- Opening Delimiter -
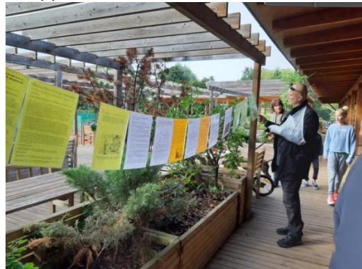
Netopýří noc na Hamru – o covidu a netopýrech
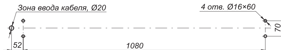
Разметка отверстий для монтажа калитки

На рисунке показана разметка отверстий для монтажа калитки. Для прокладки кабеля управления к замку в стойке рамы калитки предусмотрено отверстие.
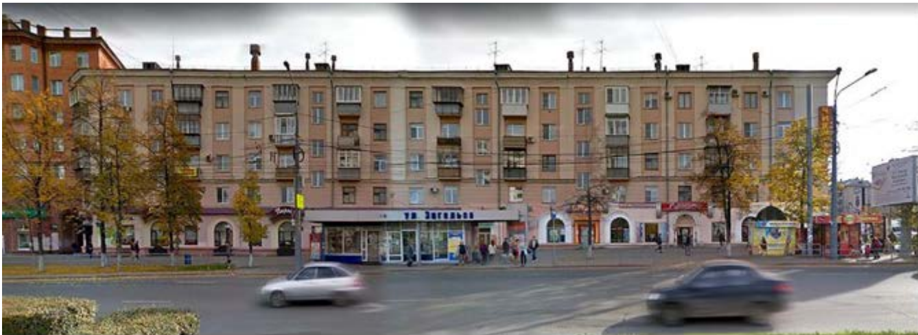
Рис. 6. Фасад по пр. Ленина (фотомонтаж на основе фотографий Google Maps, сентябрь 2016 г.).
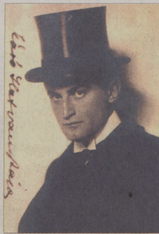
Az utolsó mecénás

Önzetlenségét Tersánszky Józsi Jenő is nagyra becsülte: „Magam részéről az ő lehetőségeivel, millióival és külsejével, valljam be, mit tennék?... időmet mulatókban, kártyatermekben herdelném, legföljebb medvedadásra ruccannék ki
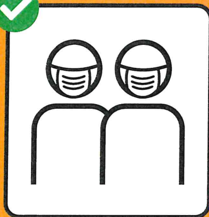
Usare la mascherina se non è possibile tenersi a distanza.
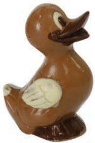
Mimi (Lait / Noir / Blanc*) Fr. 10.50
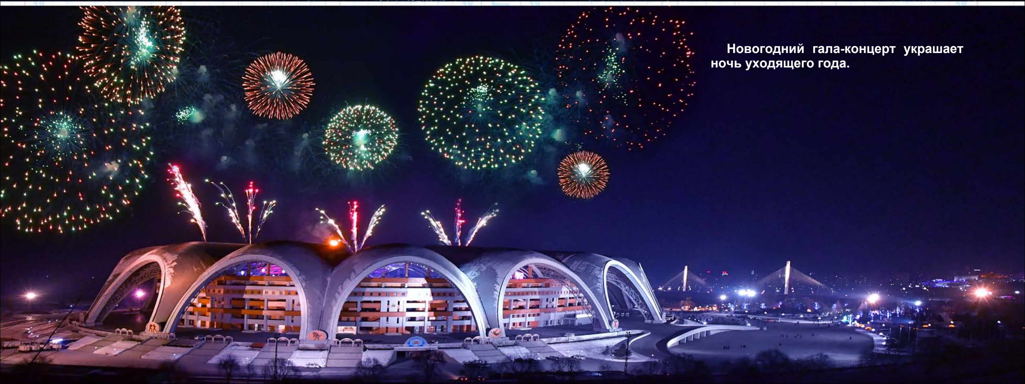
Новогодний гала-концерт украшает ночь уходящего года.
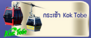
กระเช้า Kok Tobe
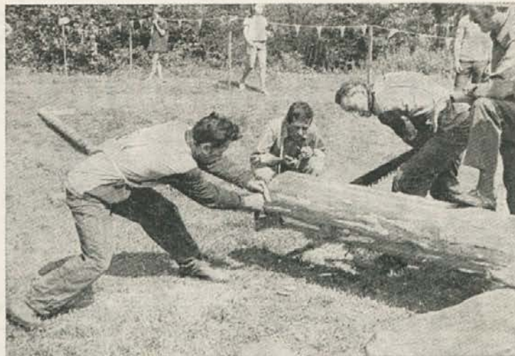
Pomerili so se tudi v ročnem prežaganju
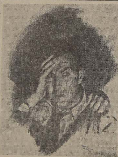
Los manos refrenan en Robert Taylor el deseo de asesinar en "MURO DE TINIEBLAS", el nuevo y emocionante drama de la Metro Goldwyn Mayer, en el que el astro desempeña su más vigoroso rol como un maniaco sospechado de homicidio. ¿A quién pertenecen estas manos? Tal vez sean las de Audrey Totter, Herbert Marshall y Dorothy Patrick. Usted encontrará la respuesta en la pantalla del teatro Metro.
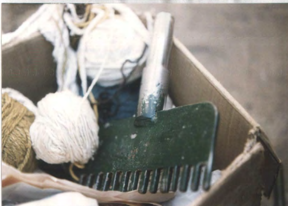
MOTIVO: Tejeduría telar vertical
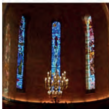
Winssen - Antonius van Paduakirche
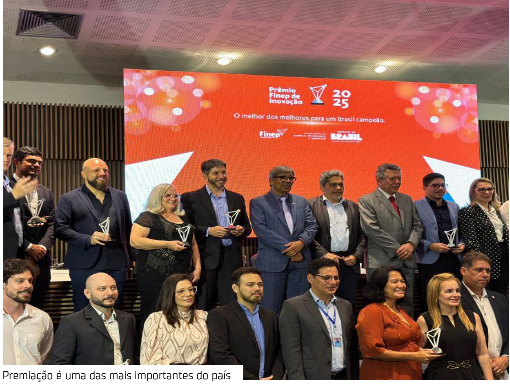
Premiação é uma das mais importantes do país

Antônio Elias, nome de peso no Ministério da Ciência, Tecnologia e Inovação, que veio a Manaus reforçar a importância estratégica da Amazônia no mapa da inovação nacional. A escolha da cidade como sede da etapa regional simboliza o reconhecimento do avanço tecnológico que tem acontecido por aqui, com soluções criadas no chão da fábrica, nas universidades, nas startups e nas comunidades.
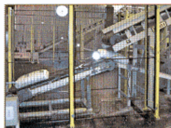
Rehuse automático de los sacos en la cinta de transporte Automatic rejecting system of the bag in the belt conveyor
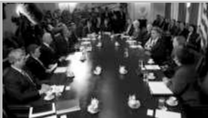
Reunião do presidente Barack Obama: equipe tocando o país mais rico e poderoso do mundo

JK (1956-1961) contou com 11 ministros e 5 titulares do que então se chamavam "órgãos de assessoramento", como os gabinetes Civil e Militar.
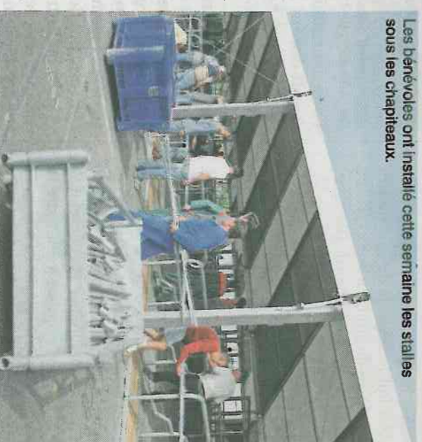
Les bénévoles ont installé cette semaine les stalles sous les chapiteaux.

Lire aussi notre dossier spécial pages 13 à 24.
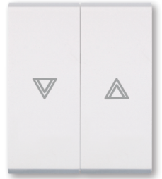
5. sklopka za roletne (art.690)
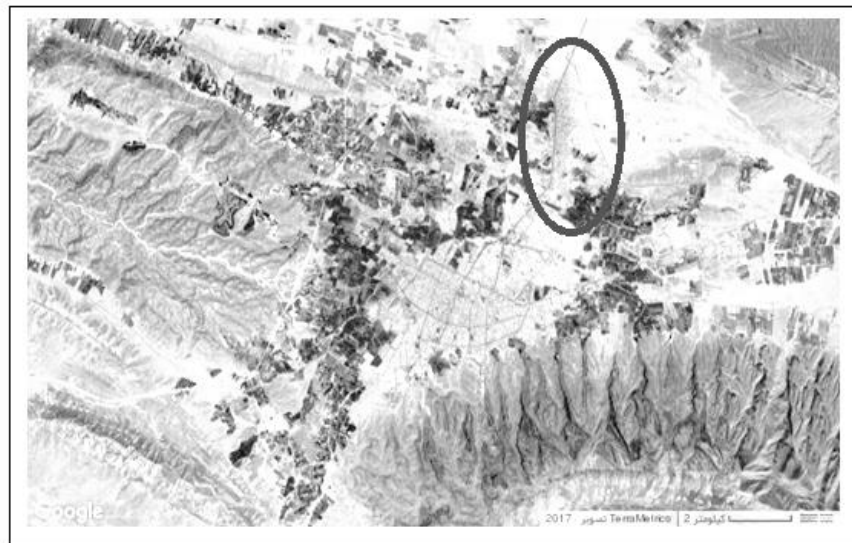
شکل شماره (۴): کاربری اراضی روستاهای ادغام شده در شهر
- Closing Delimiter -
- Opening Delimiter -
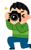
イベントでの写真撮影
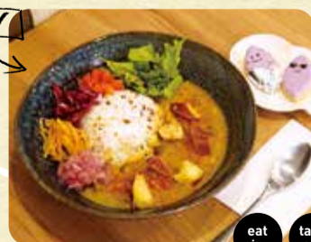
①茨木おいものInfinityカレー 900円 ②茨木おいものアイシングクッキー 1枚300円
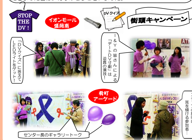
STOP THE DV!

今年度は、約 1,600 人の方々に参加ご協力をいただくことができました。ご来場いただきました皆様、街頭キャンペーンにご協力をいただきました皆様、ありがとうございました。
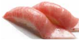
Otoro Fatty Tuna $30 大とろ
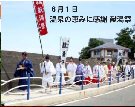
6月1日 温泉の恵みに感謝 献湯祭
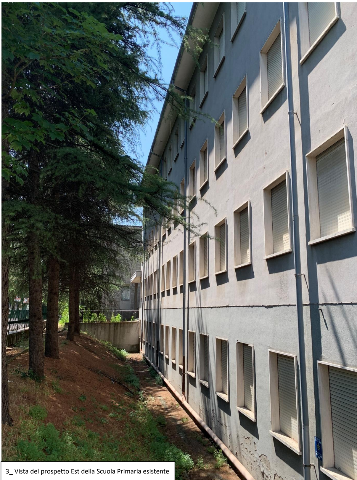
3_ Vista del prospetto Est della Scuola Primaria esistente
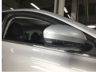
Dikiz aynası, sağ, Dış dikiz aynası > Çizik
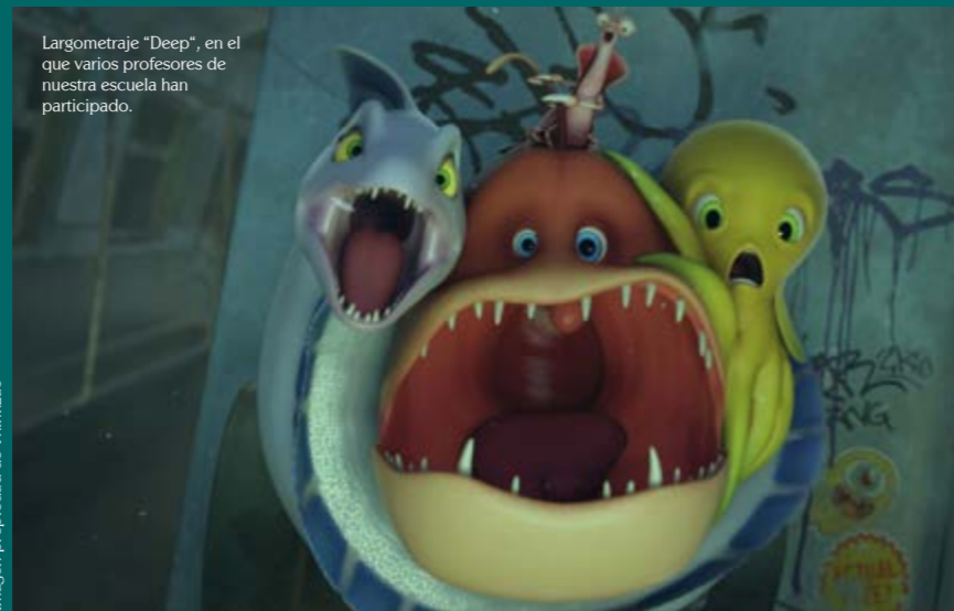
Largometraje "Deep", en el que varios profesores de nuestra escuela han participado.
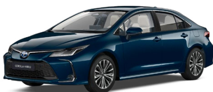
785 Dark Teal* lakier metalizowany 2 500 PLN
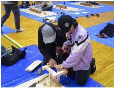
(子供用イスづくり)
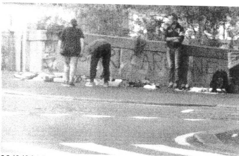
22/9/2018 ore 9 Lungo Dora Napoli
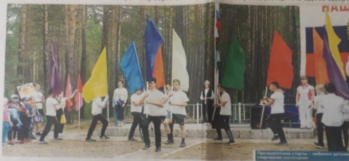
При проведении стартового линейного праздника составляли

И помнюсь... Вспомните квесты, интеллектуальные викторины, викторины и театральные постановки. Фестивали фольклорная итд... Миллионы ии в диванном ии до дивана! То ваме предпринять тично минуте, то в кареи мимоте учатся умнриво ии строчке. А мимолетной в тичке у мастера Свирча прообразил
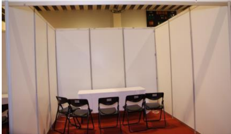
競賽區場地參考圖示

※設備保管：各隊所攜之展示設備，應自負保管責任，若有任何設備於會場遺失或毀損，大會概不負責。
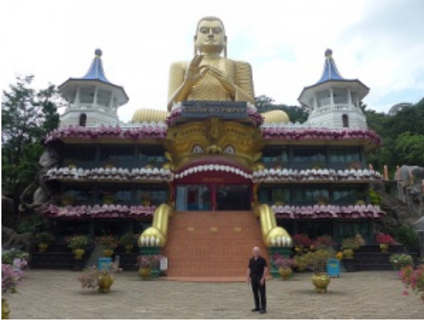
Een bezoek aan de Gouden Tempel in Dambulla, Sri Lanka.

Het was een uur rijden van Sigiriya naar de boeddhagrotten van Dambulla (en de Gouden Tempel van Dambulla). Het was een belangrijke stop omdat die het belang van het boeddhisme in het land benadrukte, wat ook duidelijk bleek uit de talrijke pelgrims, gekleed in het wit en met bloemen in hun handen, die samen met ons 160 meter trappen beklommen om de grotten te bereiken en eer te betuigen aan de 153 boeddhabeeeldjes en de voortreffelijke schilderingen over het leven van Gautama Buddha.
- Closing Delimiter -
- Opening Delimiter -
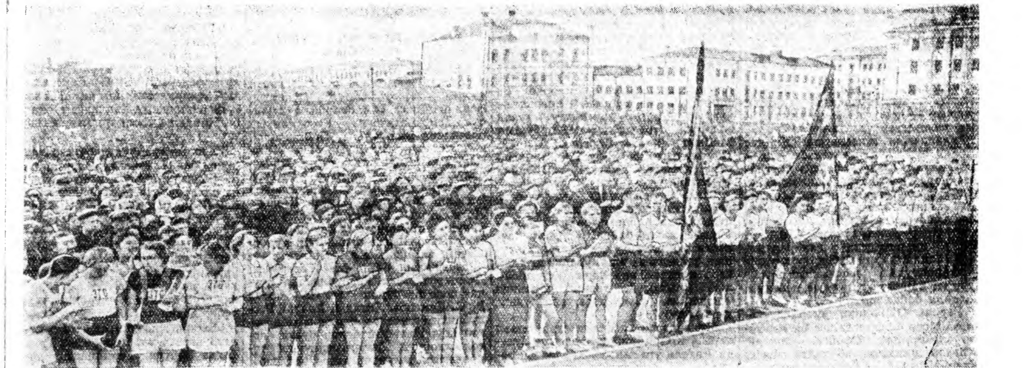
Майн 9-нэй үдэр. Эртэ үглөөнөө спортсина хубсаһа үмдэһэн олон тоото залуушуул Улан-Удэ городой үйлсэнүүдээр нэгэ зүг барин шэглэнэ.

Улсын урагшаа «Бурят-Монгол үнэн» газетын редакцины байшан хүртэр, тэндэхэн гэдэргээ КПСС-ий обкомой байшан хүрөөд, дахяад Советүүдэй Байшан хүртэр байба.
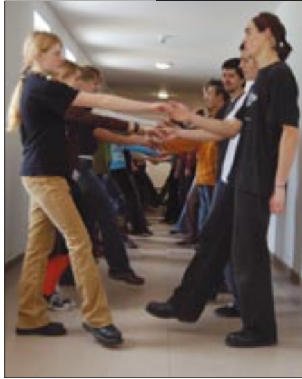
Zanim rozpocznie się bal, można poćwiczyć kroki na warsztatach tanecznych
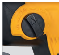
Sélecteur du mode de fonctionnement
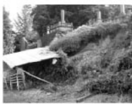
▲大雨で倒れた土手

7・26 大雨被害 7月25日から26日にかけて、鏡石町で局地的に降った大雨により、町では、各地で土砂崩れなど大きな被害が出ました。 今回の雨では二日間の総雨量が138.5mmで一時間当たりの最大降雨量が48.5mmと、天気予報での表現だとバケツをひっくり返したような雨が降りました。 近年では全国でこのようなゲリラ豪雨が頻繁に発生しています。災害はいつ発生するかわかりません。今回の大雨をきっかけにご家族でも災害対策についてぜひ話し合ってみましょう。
- Closing Delimiter -
* **Exercise**
Copy word for word the lines of the records above from the one with "กระเช้า Kok Tobe" up to and including the one with "Premiação é uma das mais importantes do país". Skip the pictures.

* **Exercise solution**
กระเช้า Kok Tobe
Pomerili so se tudi v ročnem prežaganju
Los manos refrenan en Robert Taylor el deseo de asesinar en "MURO DE TINIEBLAS", el nuevo y emocionante drama de la Metro Goldwyn Mayer, en el que el astro desempeña su más vigoroso rol como un maniaco sospechado de homicidio. ¿A quién pertenecen estas manos? Tal vez sean las de Audrey Totter, Herbert Marshall y Dorothy Patrick. Usted encontrará la respuesta en la pantalla del teatro Metro.
MOTIVO: Tejeduría telar vertical
Winssen - Antonius van Paduakirche
Premiação é uma das mais importantes do país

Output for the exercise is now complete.